This is a fork from Yoon Kim repository for sentence classification using Convolutional Neural Networks.
The input to the network are sentences where each token has been labeled with a binary tag (for instance a Named Entity Recognition tag). The label of each token is then appended to its word vectors and used during the training of the CNN.
Code is written in Python (2.7) and requires Theano (0.7).

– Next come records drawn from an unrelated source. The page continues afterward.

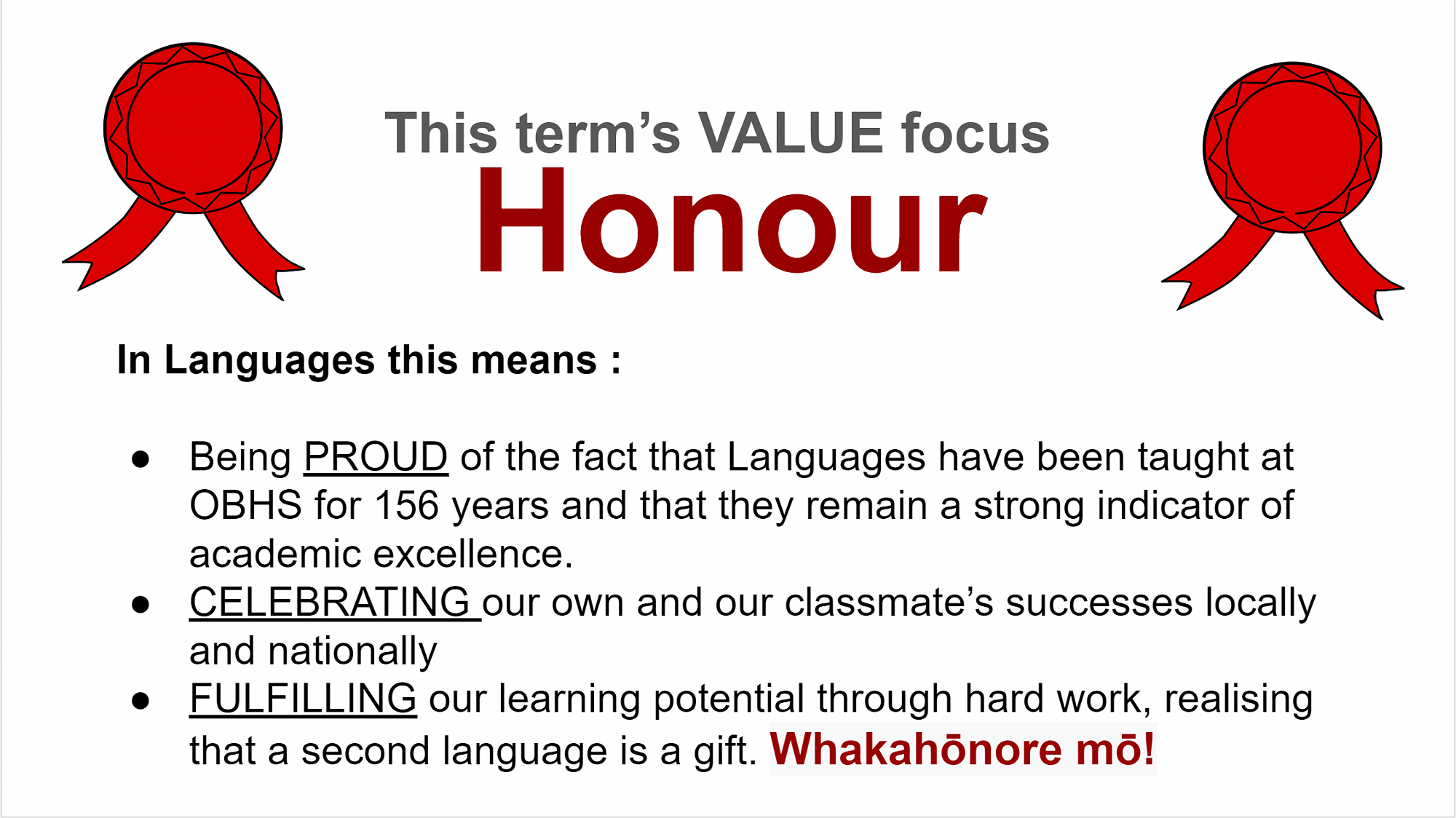 Both boys are to be commended for their efforts, starting to work towards these awards during the lockdown. It is fitting that Honour is one of our focus values for this term and Luke and Talk have certainly lived up to what this means in Languages.
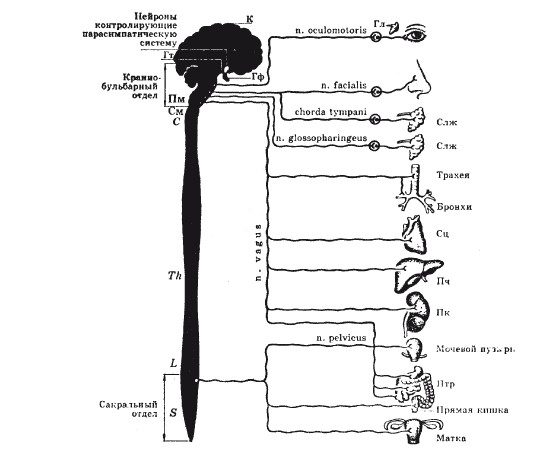 Рис. 2. Вегетативная нервная система (общий план строения):а—симпатическая система; б – парасимпатическая система
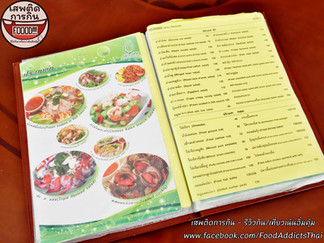 เมนูที่ร้านเป็นแฟ้มหน้าปกหนังขนาดใหญ่โดยแต่ละเล่มมีการเรียงลับดับเมนูไม่เหมือนกันสักหน้าเอาเป็นว่าขอยึดตามแฟ้มแรกที่หยิบมาแล้วกันครับ เริ่มจากหน้าแรกบ่งบอกถึงจำนวนสาขาที่เรากล่าวเอาไว้เบื้องต้นแต่เนื่องจากมีการแพร่ระบาดของเชื้อไวรัส Covid-19 ทำให้เหลือเพียงแค่ 6 สาขาจากทั้งหมด 14 สาขา เมนูหน้าต่อไปเริ่มด้วยความเป็นมาของวัตถุดิบต่างๆที่ใช้ในร้านและ Signature อย่างปลาช่อนเผาเกลือใครไม่ทานก็มีปลาแรดเผาเกลือ/ปลากระพงเผาเกลือ/ปลาหมึกย่างถ่านและกุ้งเผาให้สั่ง ราคาเริ่มต้นที่ 200-260 บาท ส่วนกุ้งแม่น้ำก็คิดราคาตามน้ำหนัก เมนูอาหารอีสานทั้งส้มตำ-ลาบ-น้ำตกใช้วัตถุดิบหลากหลายราคาเริ่มต้นที่ 40-250 บาท เมนูยำราคาเริ่มต้นที่ 60-160 บาท เมนูของทอดราคาเริ่มต้นที่ 40-250 บาท ถือว่าขายราคาถูกมากๆจนน่าเหลือเชื่อเลยครับผม
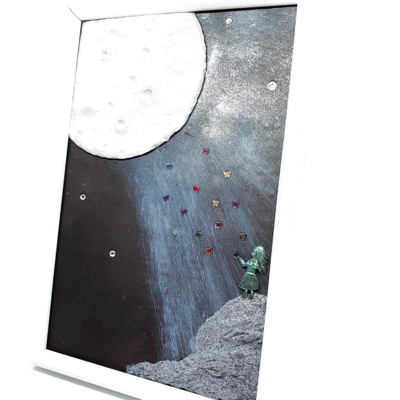 Tableau poétique pour rêveurs éveillés ... où une multitude de papillons multicolores volent sous l'éclairage scintillant de la pleine lune. Tableau réalisé en argile polymère - création unique.
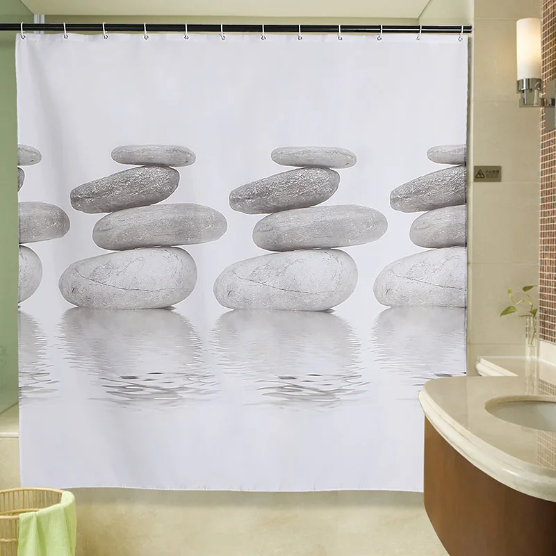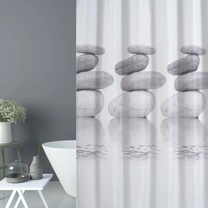 Special Offer Cortina de ducha de tela de poliéster con estampado de guijarros espesar el proceso de revestimiento productos de baño resistentes al moho cortinas de baño impermeables Discount 55% Today!
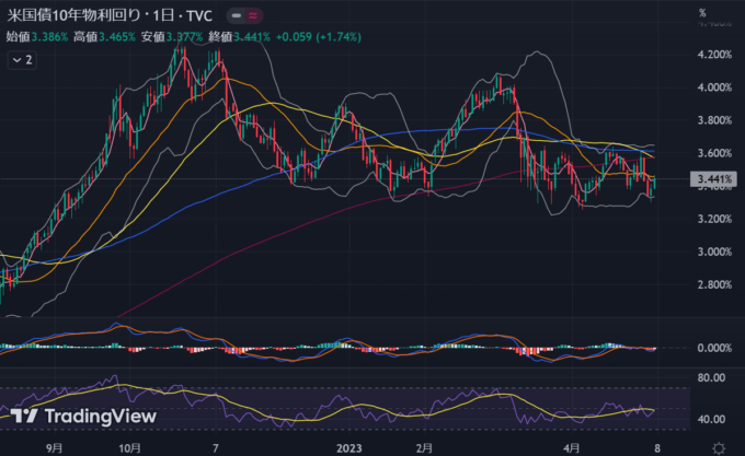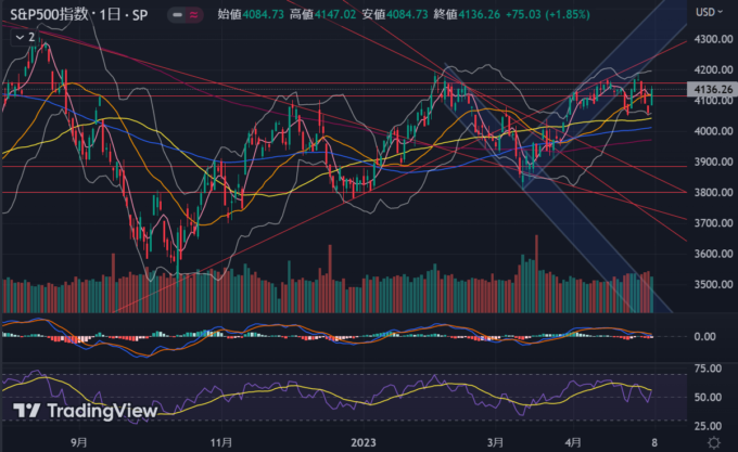 雇用統計が強すぎる内容で、FOMCの利上げ継続を懸念する内容だったものの景気減速懸念後退?で上げ(というかアップルと地銀の内容で上げたんだろうけど)
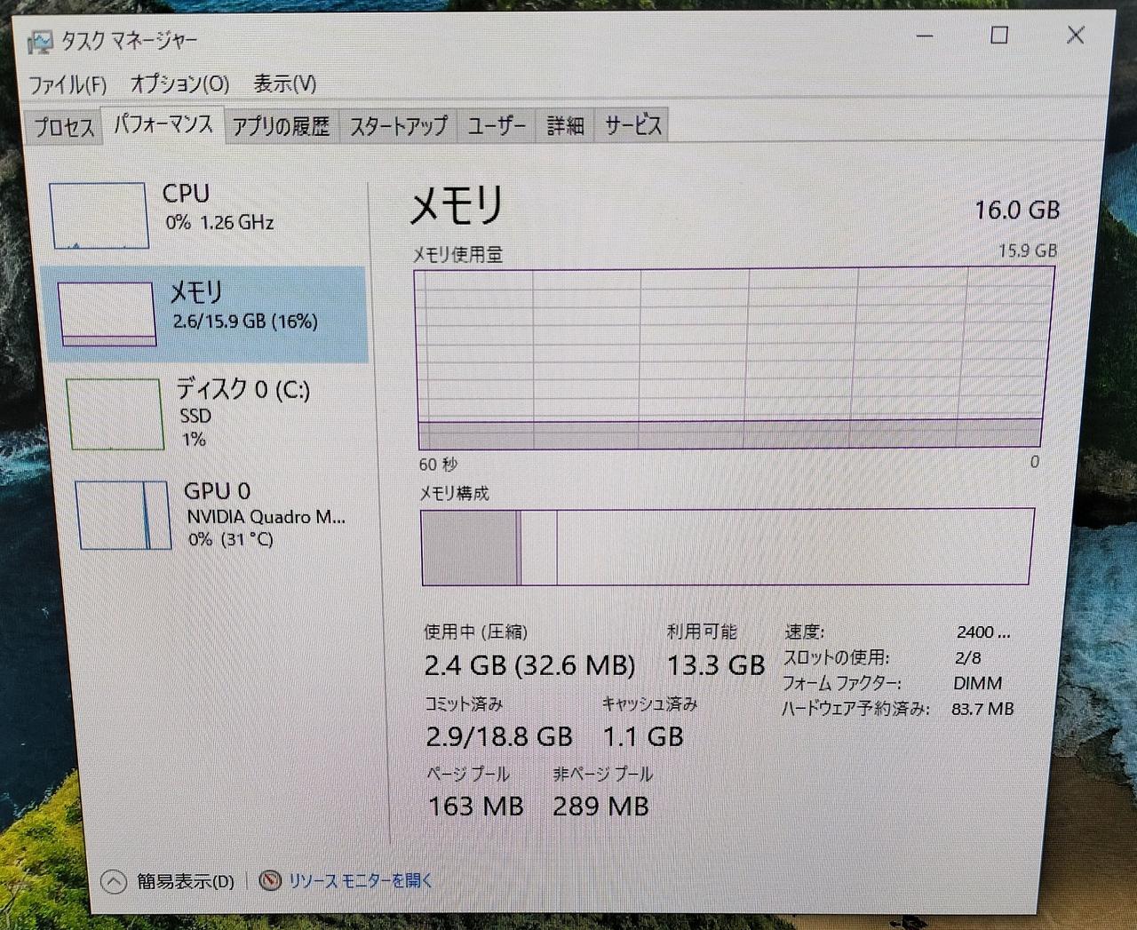RAM:16GB ストレージ:SSD512GB GPU:NVIDIA Quadro M2000 12GB |
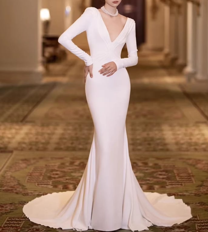 ウェディングドレス Vネック 背中見せ マーメイドライン 長袖 ロングトレーン ファスナー 披露宴
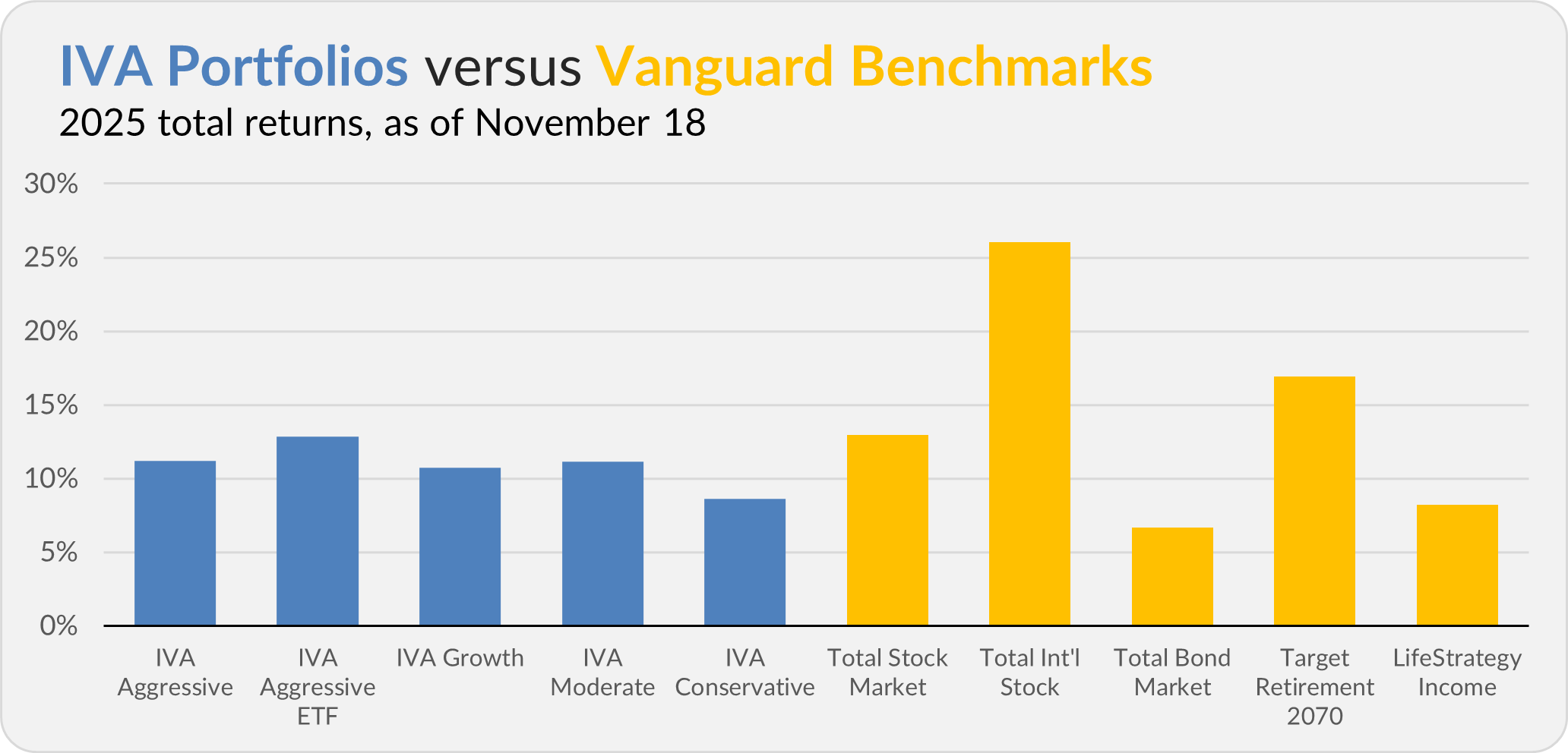 This compares to a 12.9% gain for Total Stock Market Index (VTSAX), a 26.0% return for Total International Stock Index (VTIAX), and a 6.7% gain for Total Bond Market Index (VBTLX). Vanguard’s most aggressive multi-index fund, Target Retirement 2070 (VSNVX), is up 16.9% for the year, and its most conservative, LifeStrategy Income (VASIX), is up 8.2%.
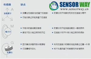 文章所描述的融合庫使用加速度計(jì)、磁力計(jì)和陀螺儀傳感器信號(hào)補(bǔ)償彼此的缺點(diǎn),并提供高精度、可靠和穩(wěn)定的方位數(shù)據(jù)。下面著重分析這些關(guān)鍵器件的優(yōu)缺點(diǎn),以及它們是如何補(bǔ)償彼此缺點(diǎn)的(圖1)。
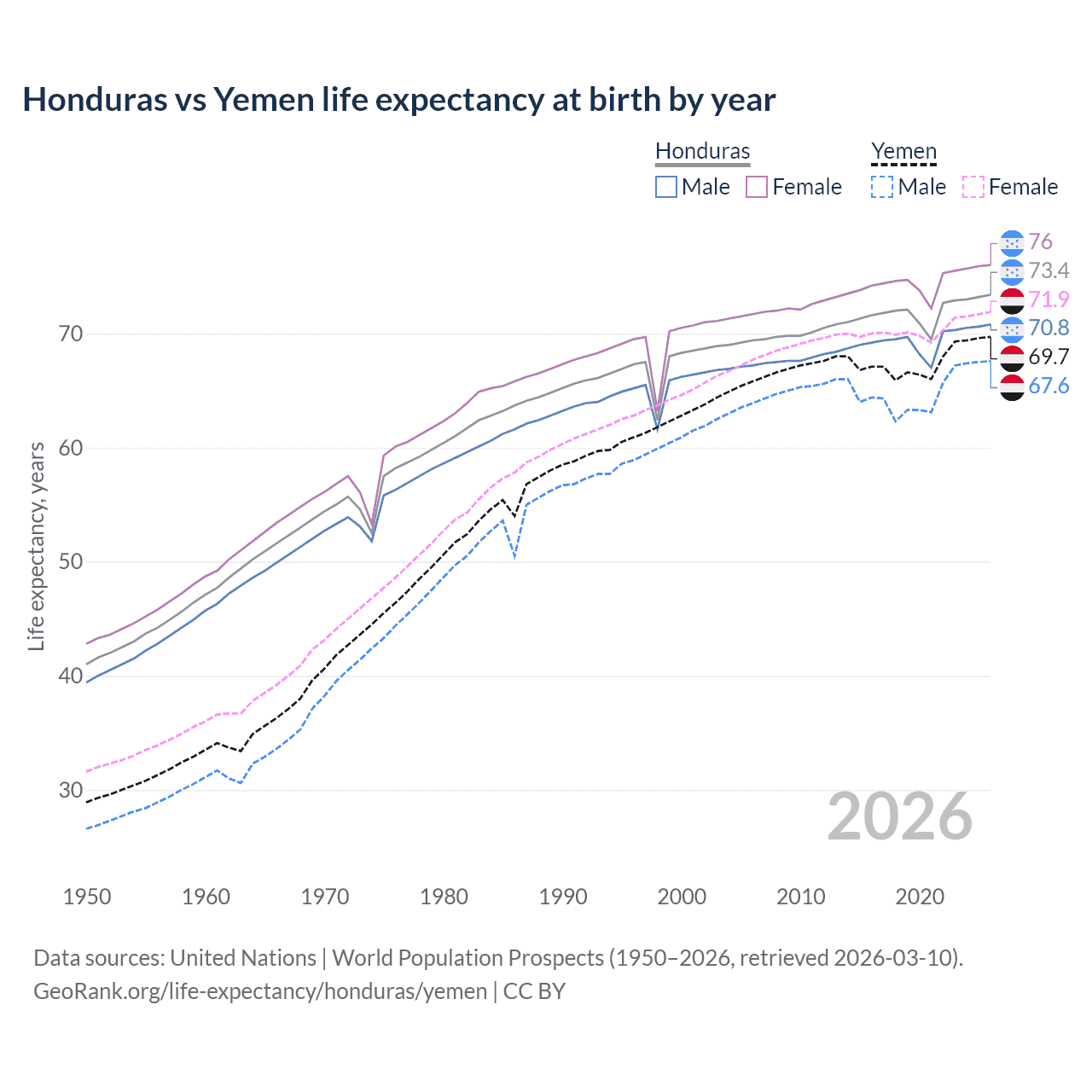 The average life expectancy at birth is 73.4 years in Honduras vs 69.7 in Yemen. Honduras is ranked 110/197 by life expectancy, and Yemen is 138/197. In Honduras, the life expectancy is 70.8 years for males and 76 years for females. In Yemen, it's 67.6 years for males and 71.9 years for females.
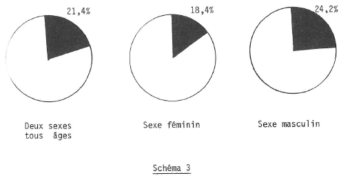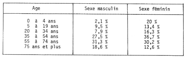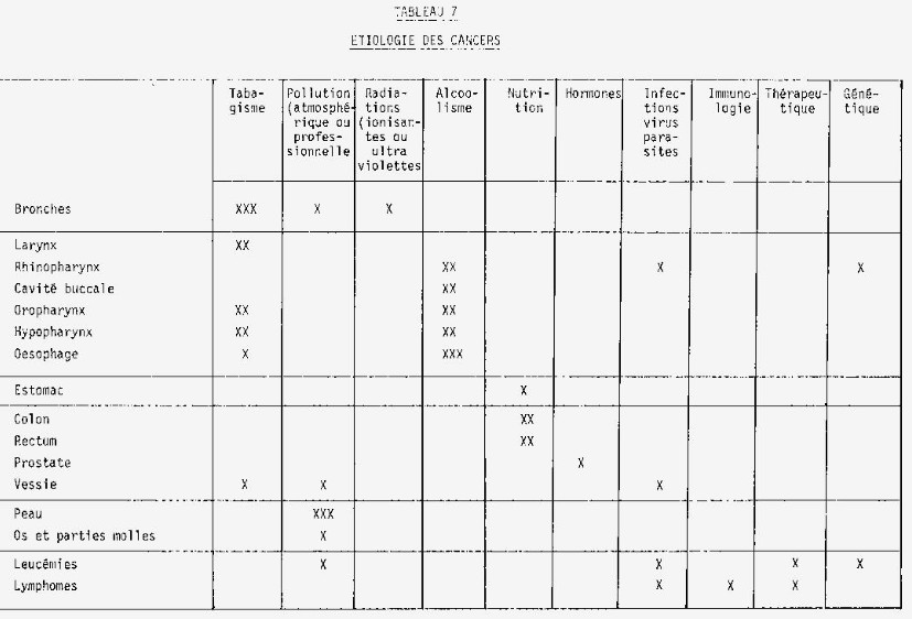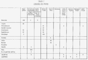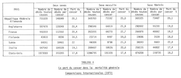 Le schéma 3 indique la part du cancer dans la mortalité générale, le tableau 2 la mortalité par cancer tous âges en 1976, le tableau 3 la mortalité par cancer suivant l’âge, le tableau 4 la part du cancer dans la mortalité générale, en comparaisons internationales.
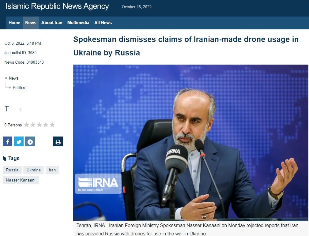 伊朗外交部发言人驳回有关伊朗无人机被用于乌克兰危机中的说法。图片来源:伊朗伊斯兰共和国通讯社报道截图
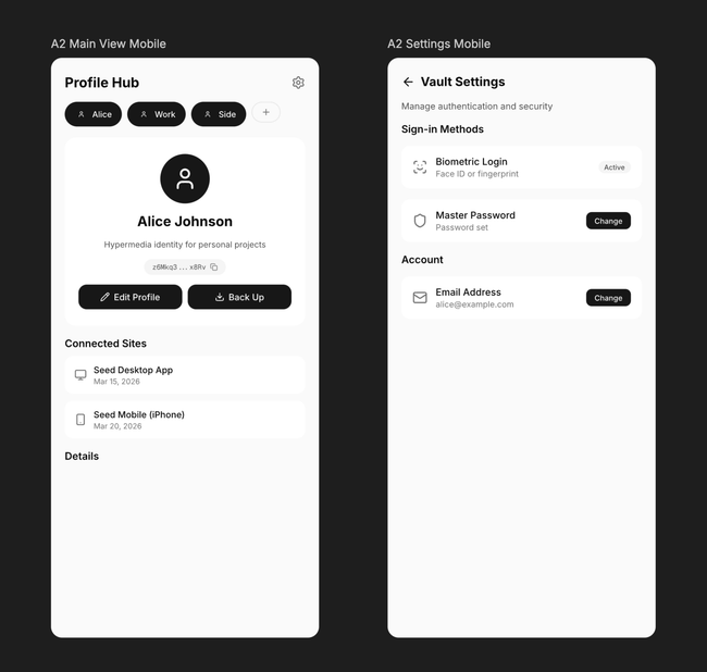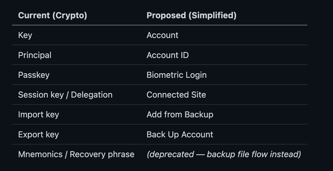 The current vault settings UI exposes cryptographic terminology (keys, principals, mnemonics, delegations) that confuses normal users. We need to redesign the vault settings screens with fully simplified language and intuitive metaphors that feel familiar to mainstream users.
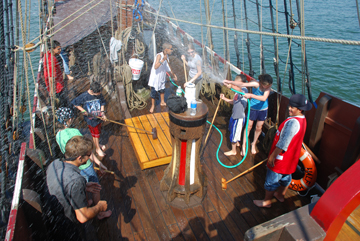 It's turning into a seasonably hot and muggy day, so we bring up the hose and treat ourselves to another deck wash -- as much for the crew's sake as that of the ship.
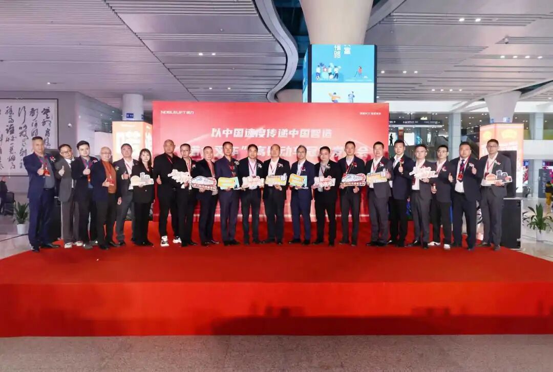 诺力集团副总裁、国内营销中心总经理蒋汉平,南京永达户外传媒有限公司副总裁吴丙礼,诺力优质大客户代表:零跑汽车高级副总裁宋忆宁、海南华铁大黄蜂业务负责人王新浩、龙合智能装备副总经理陈顺云与销售部长曹俊杭(部分),厦门、苏北、上海、浙江、南京等多地经销商合作伙伴,10余家主流媒体朋友,共计40余人,共同见证这一品牌里程碑时刻。

Using the pre-trained word2vec
vectors will also require downloading the binary file from
https://code.google.com/p/word2vec/
The raw data is assumed to be the (tab-separated) juxaposition of the sentence and its associated label sequence. See the files dataset.pos
and dataset.neg
for an example.
To process the raw data, run
python process_data.py
where path points to the word2vec binary file (i.e. GoogleNews-vectors-negative300.bin
file).
This will create a pickle object called mr.p
in the same folder.
Example commands:
THEANO_FLAGS=mode=FAST_RUN,device=cpu,floatX=float32 python conv_net_sentence.py -nonstatic -rand
THEANO_FLAGS=mode=FAST_RUN,device=cpu,floatX=float32 python conv_net_sentence.py -static -word2vec
THEANO_FLAGS=mode=FAST_RUN,device=cpu,floatX=float32 python conv_net_sentence.py -nonstatic -word2vec
This will run the CNN-rand, CNN-static, and CNN-nonstatic models respectively in the paper.
GPU will result in a good 10x to 20x speed-up, so it is highly recommended.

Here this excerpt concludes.